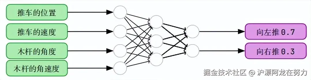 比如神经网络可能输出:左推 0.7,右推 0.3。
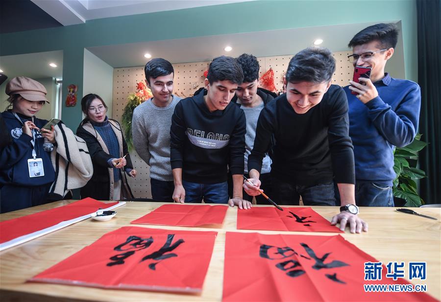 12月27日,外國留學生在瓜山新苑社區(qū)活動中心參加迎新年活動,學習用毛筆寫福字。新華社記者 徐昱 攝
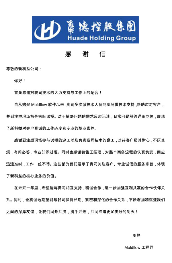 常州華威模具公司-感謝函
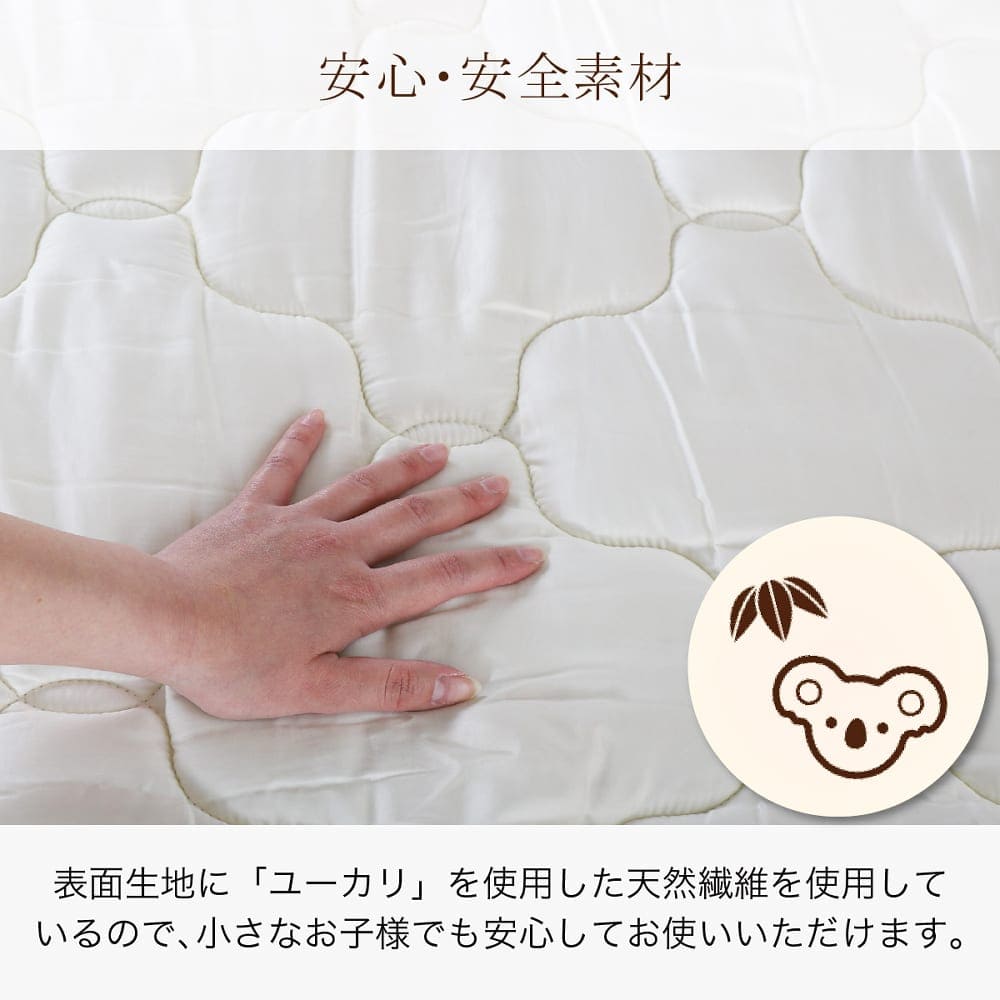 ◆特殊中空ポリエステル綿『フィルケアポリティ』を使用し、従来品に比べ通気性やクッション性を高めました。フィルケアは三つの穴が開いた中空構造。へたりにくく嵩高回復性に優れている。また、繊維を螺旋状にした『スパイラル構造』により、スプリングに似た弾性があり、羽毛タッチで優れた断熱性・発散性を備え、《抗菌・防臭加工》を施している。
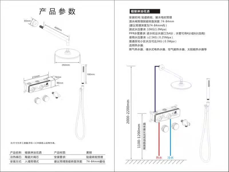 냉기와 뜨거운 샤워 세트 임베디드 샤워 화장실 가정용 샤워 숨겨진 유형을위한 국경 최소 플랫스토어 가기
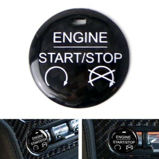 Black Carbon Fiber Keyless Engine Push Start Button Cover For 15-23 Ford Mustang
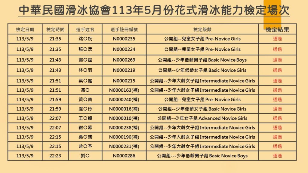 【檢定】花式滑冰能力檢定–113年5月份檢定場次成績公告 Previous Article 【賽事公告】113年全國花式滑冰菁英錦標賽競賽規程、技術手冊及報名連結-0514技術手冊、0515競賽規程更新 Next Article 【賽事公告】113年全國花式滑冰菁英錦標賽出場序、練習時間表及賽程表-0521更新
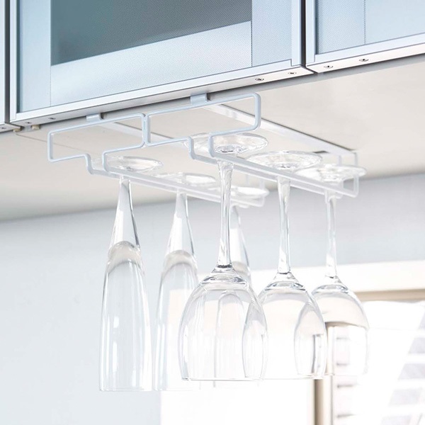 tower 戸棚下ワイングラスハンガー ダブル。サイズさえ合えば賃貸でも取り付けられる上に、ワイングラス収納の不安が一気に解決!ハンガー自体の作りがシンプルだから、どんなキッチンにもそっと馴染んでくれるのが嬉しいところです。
========
# [About this exercise]
The required output is the exact lines from the opening line of the entries through the line with "Black Carbon Fiber", inclusive, without pictures.

# [Problem solution]
 比如神经网络可能输出:左推 0.7,右推 0.3。
 12月27日,外國留學生在瓜山新苑社區(qū)活動中心參加迎新年活動,學習用毛筆寫福字。新華社記者 徐昱 攝
 常州華威模具公司-感謝函
 ◆特殊中空ポリエステル綿『フィルケアポリティ』を使用し、従来品に比べ通気性やクッション性を高めました。フィルケアは三つの穴が開いた中空構造。へたりにくく嵩高回復性に優れている。また、繊維を螺旋状にした『スパイラル構造』により、スプリングに似た弾性があり、羽毛タッチで優れた断熱性・発散性を備え、《抗菌・防臭加工》を施している。
 냉기와 뜨거운 샤워 세트 임베디드 샤워 화장실 가정용 샤워 숨겨진 유형을위한 국경 최소 플랫스토어 가기
 Black Carbon Fiber Keyless Engine Push Start Button Cover For 15-23 Ford Mustang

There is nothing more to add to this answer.